International wills[edit]
In 1973 an international convention, the Convention providing a Uniform Law on the Form of an [6] International Will, was opened for signature at Washington DC. The Convention provided for a universally recognised code of rules under which a will made anywhere, by any person of any nationality, would be valid and enforceable in every country which ratified or acceded to the Convention. These are known as "international wills."
Revocation[edit]
Methods and effect[edit]
Intentional physical destruction of a will by the testator will revoke it, through deliberately burning or tearing the physical document itself, or by striking out the signature. In most jurisdictions, partial
revocation is allowed if only part of the text or a particular provision is crossed out. Other jurisdictions will either ignore the attempt or hold that the entire will was actually revoked. A testator may also be able to revoke by the physical act of another (as would be necessary if he is physically incapacitated), if this is done in his presence and in the presence of witnesses.
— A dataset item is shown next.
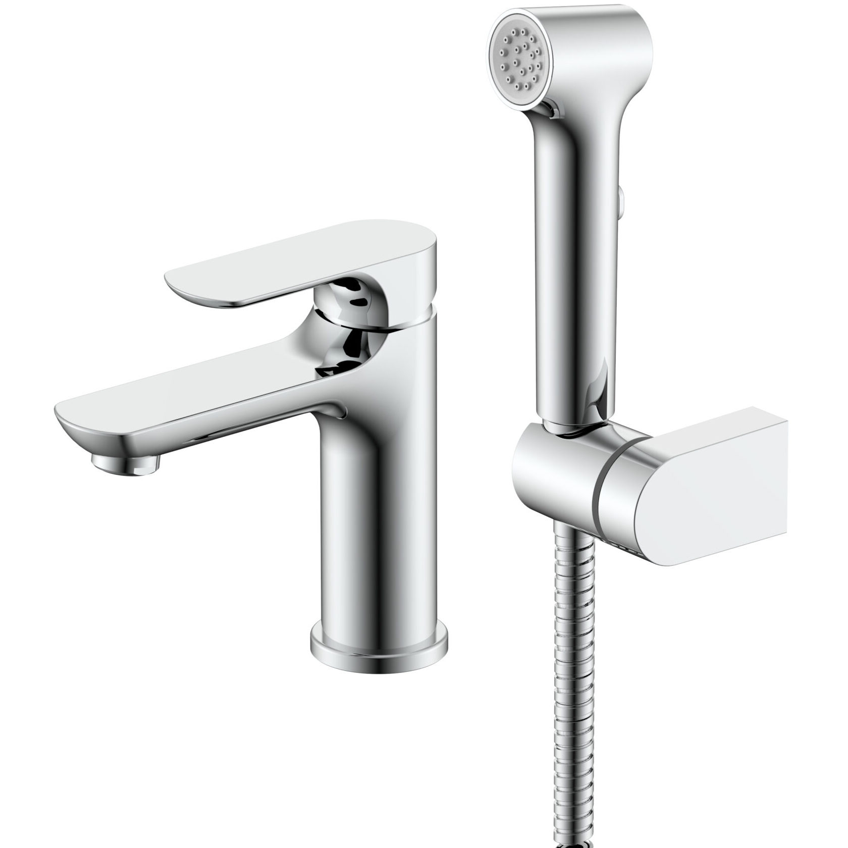 Материал – латунь. Цвет – хром. Керамический картридж 35 мм. Аэратор. Душевой шланг 1.5 м. Гигиеническая лейка с клавишей регулировки воды. Гигиеническая лейка 1 режим. Гибкая подводка 55 см. Крепежная гайка.
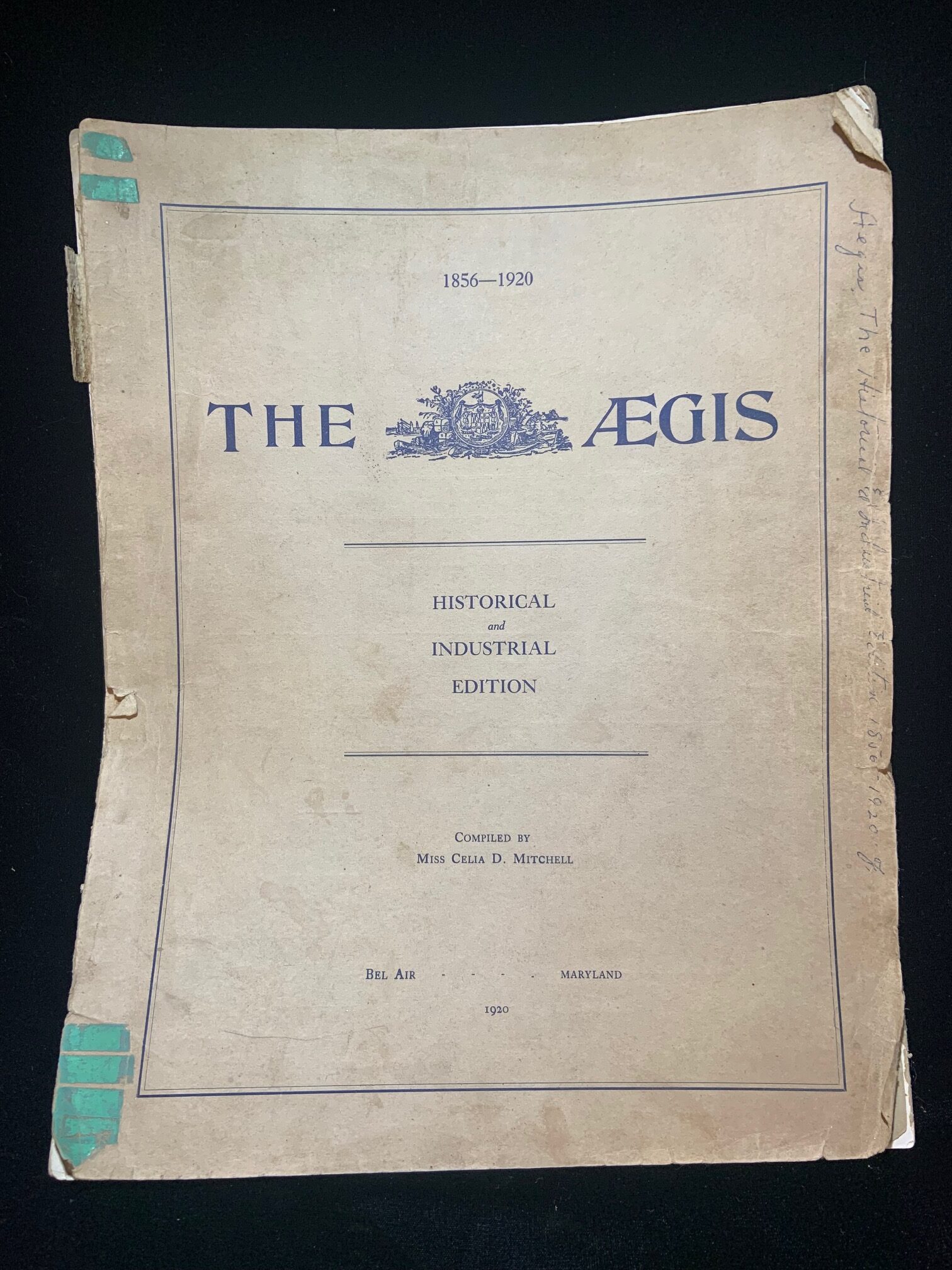 The Aegis, 1856 to 1920, Historical and Industrial Edition. Compiled by Miss. Celia D. Mitchell. Used. Wear and Tear.

Some jurisdictions may presume that a will has been destroyed if it had been last seen in the possession of the testator but is found mutilated or cannot be found after his or her death. A will may also be revoked by the execution of a new will. Most wills contain stock language that expressly revokes any wills that came before them, however, because normally a court will still attempt to read the wills together to the extent they are consistent. In some jurisdictions, the complete revocation of a will automatically revives the next most recent will, while others hold that revocation leaves the testator with no will so that his or her heirs will instead inherit by intestate succession. In England and Wales, marriage will automatically revoke a will as it is presumed that upon marriage, a testator will want to review the will. A statement in a will that it is made in contemplation of forthcoming marriage to a named person will override this. Divorce, conversely, will not revoke a will, but in many jurisdictions, will have the effect that the former spouse is treated as if they had died before the testator and so will not benefit. Where a will has been accidentally destroyed, on evidence that this is the case, a copy will or draft will may be admitted to probate.